Parlamento francês rejeita moção contra governo e mantém primeiro-ministro
No total, 128 parlamentares votaram a favor da primeira moção, bem menos do que os 289 votos necessários
PARIS (Reuters) - O primeiro-ministro francês François Bayrou sobreviveu nesta quarta-feira a um primeiro voto de desconfiança no Parlamento, solicitado pela extrema-esquerda, já que a moção não contou com o apoio nem do Reunião Nacional (RN), de extrema-direita, e nem dos socialistas, de centro-esquerda.
No total, 128 parlamentares votaram a favor da primeira moção, bem menos do que os 289 votos necessários.
Parlamentares de extrema-esquerda apresentaram duas moções de desconfiança contra o primeiro-ministro depois que ele invocou poderes constitucionais especiais para forçar a aprovação do orçamento de 2025.
A ferramenta, conhecida como Artigo 49.3, permite que o governo minoritário aprove a legislação sem uma votação parlamentar.
O segundo voto de desconfiança deve ocorrer ainda nesta quarta-feira.
Tanto a Reunião Nacional quanto o Partido Socialista sinalizaram antes das votações que não apoiariam a moção porque a França precisa de um orçamento, embora os socialistas tenham dito que, em uma data posterior, apresentariam uma moção de desconfiança separada em relação aos comentários recentes de Bayrou sobre imigração.
Bayrou disse que muitos franceses sentem-se "submersos" pela imigração, declaração que tem defendido desde então, mesmo que tenha atrapalhado brevemente as negociações sobre o orçamento.
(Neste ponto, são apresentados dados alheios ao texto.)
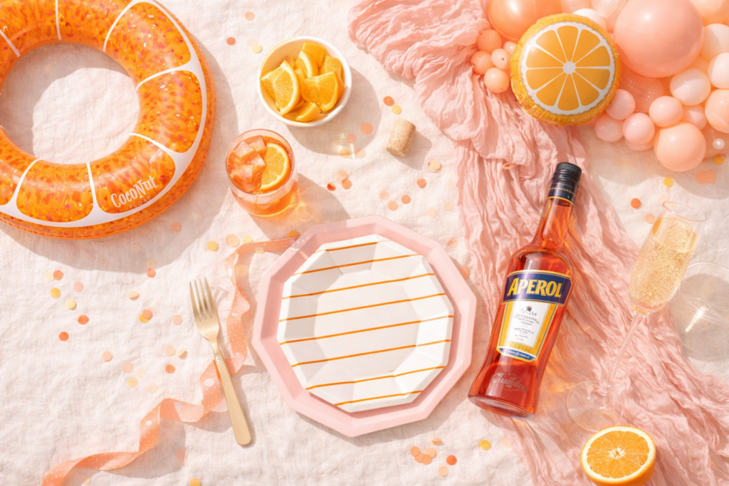 The Love at First Spritz theme is playful, bright, and inspired by Italian summer afternoons. Think Aperol hues, citrus accents, and endless bubbly vibes. It’s perfect for a sun-soaked bachelorette, bridal shower brunch, or girls’ getaway that feels chic and carefree.
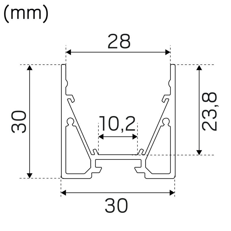Profiili Maxi U Alu 2m. 2000x30x30mm. Pinta-asennukseen tai ripustettavaksi.

É provável que essa moção também não seja aprovada.
A França lida com instabilidade política desde que o presidente Emmanuel Macron decidiu convocar uma eleição antecipada em junho, que resultou em um Parlamento fragmentado no qual nenhum partido detém a maioria.
(Reportagem de Makini Brice, Dominique Vidalon e Sudip Kar-Gupta)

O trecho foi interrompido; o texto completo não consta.